How to design the next 700 optimizing compilers
Host
Jonathan Ragan-Kelley
CSAIL
Massively parallel hardware combined with carefully optimized software has enabled the deep learning revolution. To deliver the efficiency and performance demanded by the next generations of AI applications a zoo of highly specialized hardware devices has developed. Writing software for these devices is highly complex and only the largest companies are able to make massive investments in such short-lived software that currently has to be rewritten and re-optimized for each new generation of hardware devices.
Current automatic optimizing compilers that turn high-level programs into low-level code often deliver disappointing performance. They disappoint by failing to exploit the increasingly specialized hardware features, but they equally disappoint by failing to perform crucial high-level optimizations in many important, but less mainstream, application domains.
In this talk, I will present our approach for designing the next generation of optimizing compilers. These compilers systematically optimize domain-specific applications for a diverse set of specialized hardware. They support a wide range of optimization use-cases ranging from using automatic and AI-driven design space exploration techniques to precise control of optimizations by performance engineers, and gradual combinations of automation and control. Key to our design is that we embrace extensibility and composability of both computations and optimizations. Computations are represented by a pattern-based intermediate representation. Fundamental building blocks are flexible generic patterns. This intermediate representation is easily extensible with domain- and hardware-specific patterns. Optimizations are composed of simple rewrite-rules either in a purposely built strategy language that allows to precise control of optimization strategies, or in a semi-automatic technique using equality saturation. The compiler is easily extensible with domain- and hardware-specific optimization strategies and experts are allowed to control the optimization process to various degrees.
I aim to demonstrate that this generic and flexible design achieves high-performance, comparable to existing domain-specific compilers on existing massively parallel hardware, and show exciting future research directions that open up from our approach.
Bio:
Michel Steuwer (michel.steuwer.info) is a Lecturer in Compilers and Runtime Systems at University of Edinburgh. His research aims to drastically simplify the programming of complex parallel hardware devices while achieving unprecedented performance and efficiency. With Lift, and its successors RISE and ELEVATE (presented in this talk) he is pioneering research into compiler designs of performance portable programming languages, allowing software to be written once in a high-level language and optimized for best performance on a diverse set of hardware devices. Michel's work has been recognized by the academic community with best paper awards, a SIGPLAN research highlight, and an upcoming CACM research highlight. His work has directly influenced domain-specific compiler design in industry such as the recent MLIR compiler framework.

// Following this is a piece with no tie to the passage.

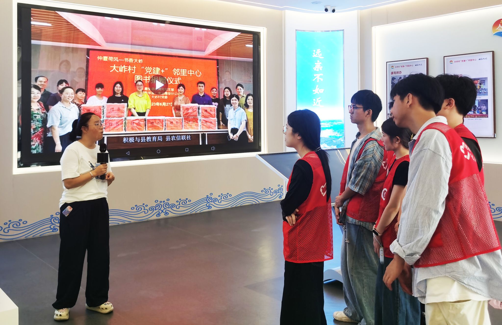 在大岞村“党建 +”邻里中心,在讲解员带领下,队员们深入了解“党建 +”邻里中心建设情况,探讨党建引领在乡村振兴、文化传承、助力构建美丽和谐的惠女家园等方面的创新实践。

Current automatic optimizing compilers that turn high-level programs into low-level code often deliver disappointing performance. They disappoint by failing to exploit the increasingly specialized hardware features, but they equally disappoint by failing to perform crucial high-level optimizations in many important, but less mainstream, application domains.
In this talk, I will present our approach for designing the next generation of optimizing compilers. These compilers systematically optimize domain-specific applications for a diverse set of specialized hardware. They support a wide range of optimization use-cases ranging from using automatic and AI-driven design space exploration techniques to precise control of optimizations by performance engineers, and gradual combinations of automation and control. Key to our design is that we embrace extensibility and composability of both computations and optimizations. Computations are represented by a pattern-based intermediate representation. Fundamental building blocks are flexible generic patterns. This intermediate representation is easily extensible with domain- and hardware-specific patterns. Optimizations are composed of simple rewrite-rules either in a purposely built strategy language that allows to precise control of optimization strategies, or in a semi-automatic technique using equality saturation. The compiler is easily extensible with domain- and hardware-specific optimization strategies and experts are allowed to control the optimization process to various degrees.
I aim to demonstrate that this generic and flexible design achieves high-performance, comparable to existing domain-specific compilers on existing massively parallel hardware, and show exciting future research directions that open up from our approach.
Bio:
Michel Steuwer (michel.steuwer.info) is a Lecturer in Compilers and Runtime Systems at University of Edinburgh. His research aims to drastically simplify the programming of complex parallel hardware devices while achieving unprecedented performance and efficiency. With Lift, and its successors RISE and ELEVATE (presented in this talk) he is pioneering research into compiler designs of performance portable programming languages, allowing software to be written once in a high-level language and optimized for best performance on a diverse set of hardware devices. Michel's work has been recognized by the academic community with best paper awards, a SIGPLAN research highlight, and an upcoming CACM research highlight. His work has directly influenced domain-specific compiler design in industry such as the recent MLIR compiler framework.